Join me in a cup of Angel wings

Join me in a cup of Angel wings

Sunday, April 17, 2016

A time to weep and a time to laugh; A time to mourn and a time to dance.

Today I was thinking about friends who have been going through some devastating events in their lives. I, like many of you, have had some heart breaking things happen in my life, yes, even devastating things, things that gutted me to my core, things that hurt so badly that my heart physically was hurting.  When we go through those things, honestly there are people and friends I avoid because they are great to talk to about "it" but they always remind you how horrible whatever you are going through is... come on we all know those people. They mourn with those who mourn and weep with those who weep.. sometime I think the look for those who are weeping to make their own situations seem not as bad.  When you are done talking with them you feel worse.
  None of us have to go through what our friend may be going through to know how they feel. BUT, we have all gone through devastating things. There are things my friends have gone through that I look at and think .. man I would be gutted if that happened to me, I don't think I could ever handle that... and there are things that have happened to me that some might say the same things about. Their are degrees of devastating things but there are also degrees of how they may effect us... We've all had the thoughts when we see a friend going through what we have perceived as a little thing and they just can't function and think man it's just whatever this thing is... why an't they get over it??? or it happened so long ago, why can't they move on? We all have the different tools and abilities to cope in situations resulting in how we heal. But life continues.
  When many of us are struggling we wish we could go back to our "normal" life. The life we had before this tragic thing happened. Pondering "normal" this morning I was thinking about that idea of "normal" life. Events happen in our lives that change everything and I would want to never undo those events. Think about it. In the past few years my children graduated - my life changed, moved out - my life changed, married - my life changed and soon a grandchild will be arriving - my life will change. After each of these amazing things happened my "normal" life changed and I NEVER want to go back to that old normal life.
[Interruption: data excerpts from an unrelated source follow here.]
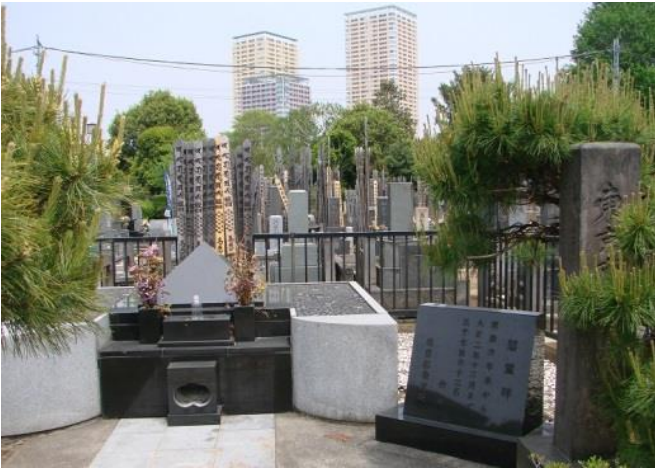
東京都台東区谷中・了侘(ごん)寺 碑の設置の最中、激しい雨が降り終わると、きれいに晴れ上がり、物故者が喜んでいるようでした。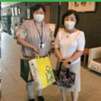
特別養護老人ホーム 緑JOY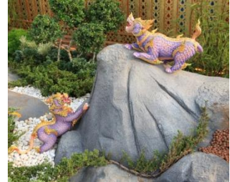
สีหคคคา หัวเป็นสิงห์ ลำตัวเป็น เกล็ด เท้ามีเล็บแบบช้าง พื้นสีม่วงแก่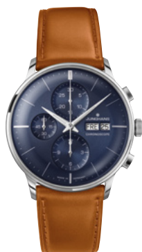
Meister Chronoscope 2714526.02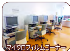
マイクロフィルムコーナー

電子資料コーナーの新聞 データベースで記事の検索、 閲覧、複写(有料)を することができます。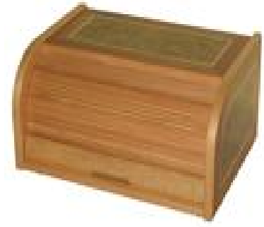
Çekmecesiz Ekmek Dolabı (11) 25 TL

G:44 D:32 Y:32 ölçülerinde, masif stor kapaklı ve çekmeceli, üst ve yan tablalar ve çekmece klapası değişik kaplamalar ile marketri çalışması uygulanmış ve doğal ipek mat verniği uygulaması yapılmıştır.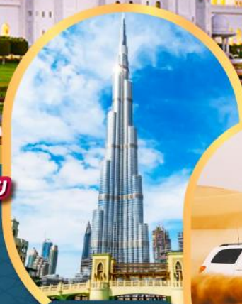
ตึกเบิร์จ คาลิฟา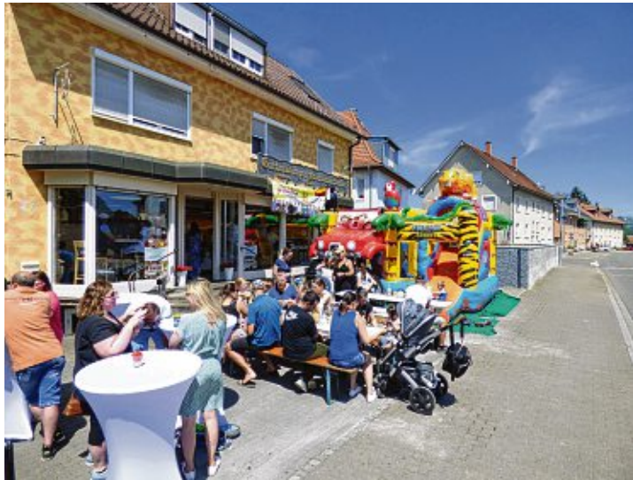
Die Brotmanufaktur Stemke ist an den Aktionstagen Treff für Groß und Klein.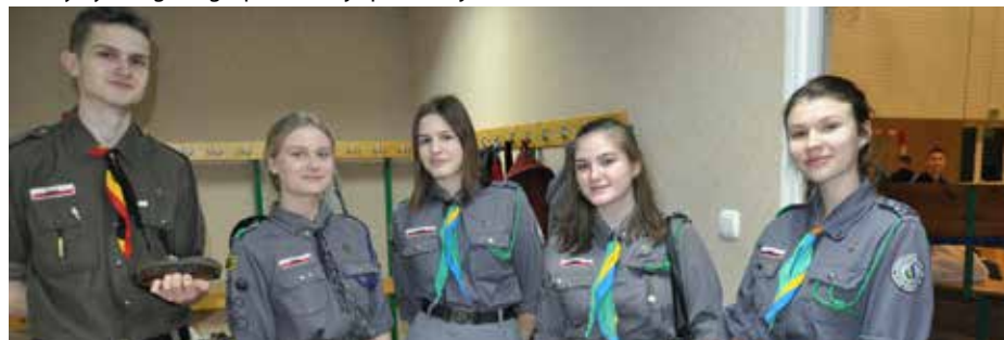
Na harcerzy zawsze można liczyć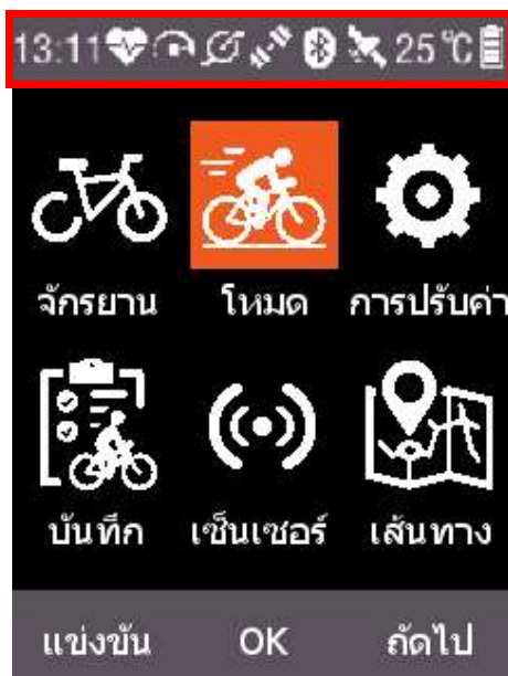
คำอธิบายแถบสถานะ

So why do we want to go back to "normal" when bad things happen? I know because we didn't want those things to happen.  In these same years my mom and aunt passed away, I lost a job I loved, my son's marriage broke up and I faced a heart breaking moment when my birth mother refused to want to meet me.  I have done some grief counseling over the years and have explained what I've learned. When life hanging events happen.... life changes. What was once normal is no more and there is a new normal. (until a life changing events happens and then there is a new normal..... until a life changing thing happens and there is a new normal....until a life changing thing happens and there is a new normal get it? Life is always changing, if it wasn't that would be boring.
 So how do we handle it? Well the bible tells us that there is a time for everything, a time to weep and a time to laugh; a time to mourn and a time to dance. While we may be in a mournful time.... sometimes there are still times to dance. When my son told me about a very difficult time in his life, I was hurting for him and losing sleep and hurting myself..... then that week my daughter told me I was going to be a grandmother.... I mourned and danced at the same time~!!! I gave myself permission to do both.  When we are mourning there should be no guilt when you dance or laugh. Those emotions are just as real as the weeping and mourning and DO NOT taking away from the life changing event that has hurt you to the core. The new normal changed your life but you see you're still alive and life continues around you. Do not misunderstand me. Mourn as much as you need to, cry as much as you need to, feel what you need to feel, they are valid feelings and need to be expressed. But.. remember to look up once in a while and see life around you.... laugh at funny things, dance to music. Live a new normal life. (until life changes and there is a new normal).
Psalm 3:3 says "But you oh LORD are a shield about me, my glory and the lifter of my head"
Look to our Heavenly Father and He will lift our head so we, in our pain, can see the times to dance and to laugh. And also to see those how mourn and weep so we can encourage them that they are not alone and can some day face their new normal and see the dance.